O Governo Federal e Estadual relataram os caminhos que vem sendo traçados para a regularização da parceria do terceiro setor na gestão e implementação de UCs. Por terem seus departamentos constituídos em 2007, ambos estão em fase de consolidação de diversos itens normativos e regulatórios para o tema.

O ICMBio concluiu no inicio deste semestre a Portaria que estabelece o Manual de Procedimentos para a celebração de Convênios, Contratos de Repasse, Termos de Cooperação, Termos de Parceria, e, no que couber, para Termos de Reciprocidade pelo ICMBio. Apesar de não definir um marco regulatório específico para a gestão compartilhada, o Manual define as formas de estabelecimento de parcerias para a participação de outras entidades em UCs. O Instituto citou como exemplo de parceria para a implementação de UCs a Fundação Vitória Amazônica (FVA) no Parque Nacional do Jaú e o Instituto de Pesquisas Ecológicas (Ipê) no Parque Nacional de Anavilhanas.
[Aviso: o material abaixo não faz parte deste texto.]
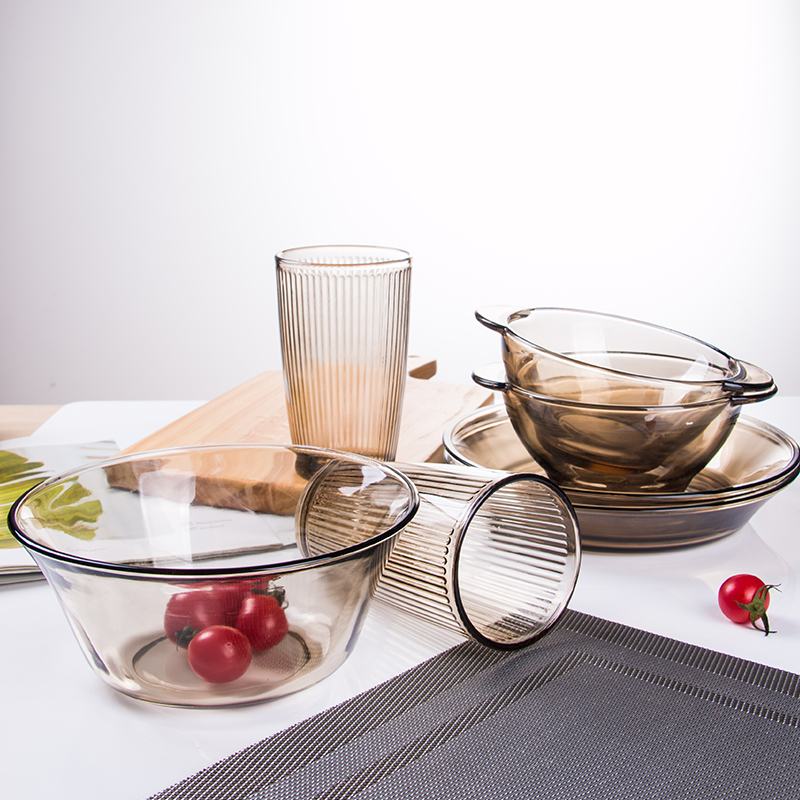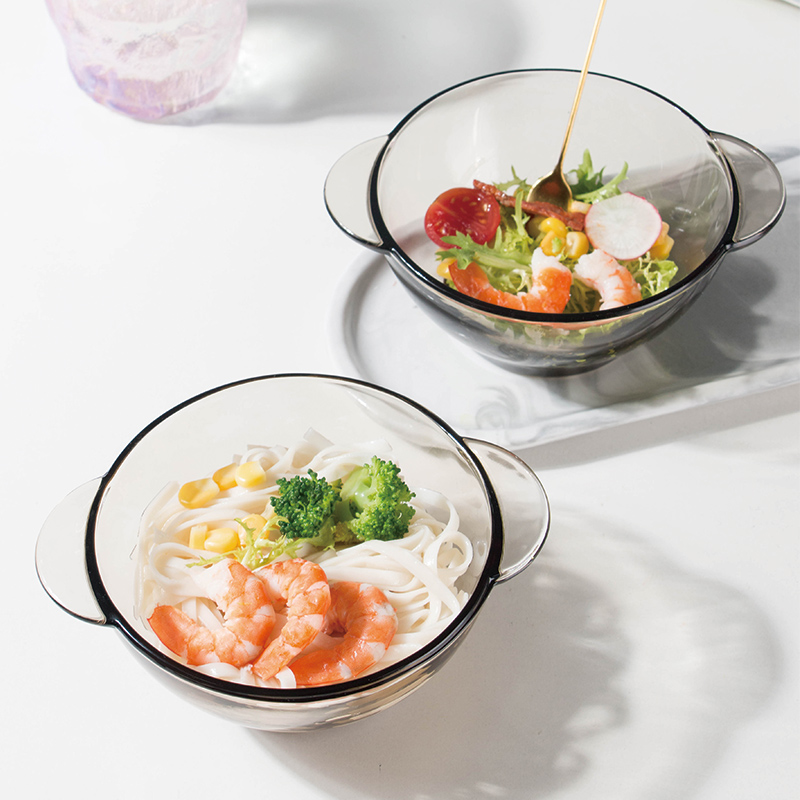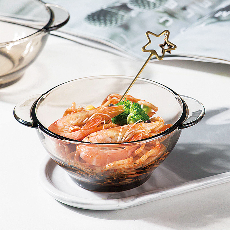 Binaural glass bowl Brown dish set Fruit salad bowl Household high temperature soup bowl Instant noodle bowl Rice bowl tableware

As duas participações do terceiro setor foram estabelecidas anterior à Portaria que define as parcerias para o ICMBio e foram estabelecidas através de Termos de Cooperação Técnico-Científica. Em nenhuma delas foi estabelecido a Gestão Compartilhada.

O Termo de Cooperação Técnico-Científica também foi o instrumento adotado pelo Governo do Amazonas para a parceria com ONGs na gestão de UCs. Até 2007, Instituto de Proteção Ambiental do Amazonas (IPAAM) era o gestor das Unidades de Conservação do Amazonas e estabelecia os convênios com entidades do terceiro setor atuantes na UCs do Estado. O CEUC teve seu primeiro Termo de Cooperação assinado com o Idesam para a gestão compartilhada da RDS do Uatumã em 2008. Depois, assinou com a Fundação Amazonas Sustentável (FAS) para co-gestão na RDS do Juma e vem discutindo com a co-gestão da RDS do Rio Negro. As demais ONGs co-gestoras do Estado, Fundação Vitória Amazônica (FVA), Instituto Piagaçu Purus (IPI), Instituto de Pesquisas Ecológicas (Ipê) e Instituto de Desenvolvimento Sustentável Mamiraúa (IDSM), tiveram seus convênios assinados antes de 2007, com o IPAAM, sendo que atualmente todas aguardam os encaminhamentos do CEUC para renovação dos acordos.